What sort of woman rejected such security? The most of us leading quiet cautious conventional lives would look askance at a mother who chucked financial stability and the material comforts it provided.
While the new address wasn’t Castle Rackrent, the home she’d forsaken had those contemporary architectural features the Las Vegas newspaper real estate supplement loved hyping. The home referenced Frank Lloyd Wright and Bauhaus. Desert landscaping surrounding the structure mitigated the property’s in-ground pool.
Naturally during the summers when the Mojave clamped its torrid nature upon wherever mankind existed in Las Vegas, their children became otters those three days they spent with daddy. His industry job gave him off the week’s three nonessential days, Monday, Tuesday, and Wednesday. These he used to hone being a parent. Anne lauded his parenting.
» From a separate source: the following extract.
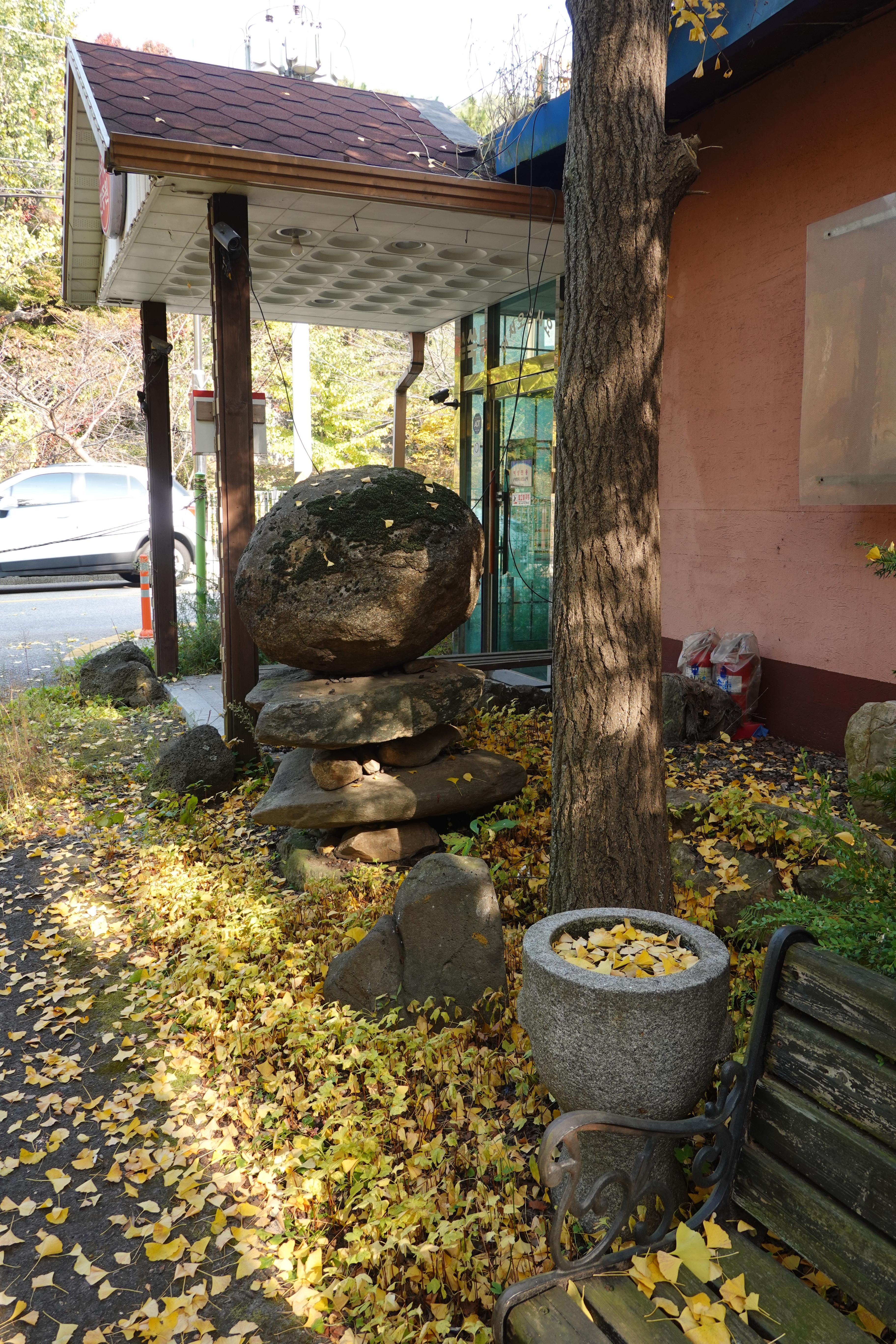 2022.10.29/ #도시기록 #가을풍경 #노랑융단 #은행잎 #안양9동/ 은행잎이 노란 융단처럼 깔린 안양9동 수리산한증막 마당. 2021년 영업을 중단하고 문을 닫았는데 무엇이 들어설까 궁금하다.

Hadn’t she mentioned the man who sired her children either Japanese or of Japanese descent? Never a mention, though, concerning his feelings towards their new distance or her endeavors those evenings he minded their children.
Heard the wrong way it could’ve been condescending, but Klanger praised Anne’s home management. It was a funny compliment but having been in her nest I understood unquestioningly.
If one looked down on Anne because of her profession, then naturally one assumed her address close to a hovel, verging on vermin infestation, an odor of negligence greeting visitors at the door. Happy to report she belied the stereotype.
Her home was cleaner than a hound’s tooth. Despite having young children, she kept it orderly. Strangers didn’t run the risk of stepping on or tripping over toys. Despite being a smoker, and here was what I regarded her most impressive achievement, the air inside wasn’t tainted with acrid cigarette smoke.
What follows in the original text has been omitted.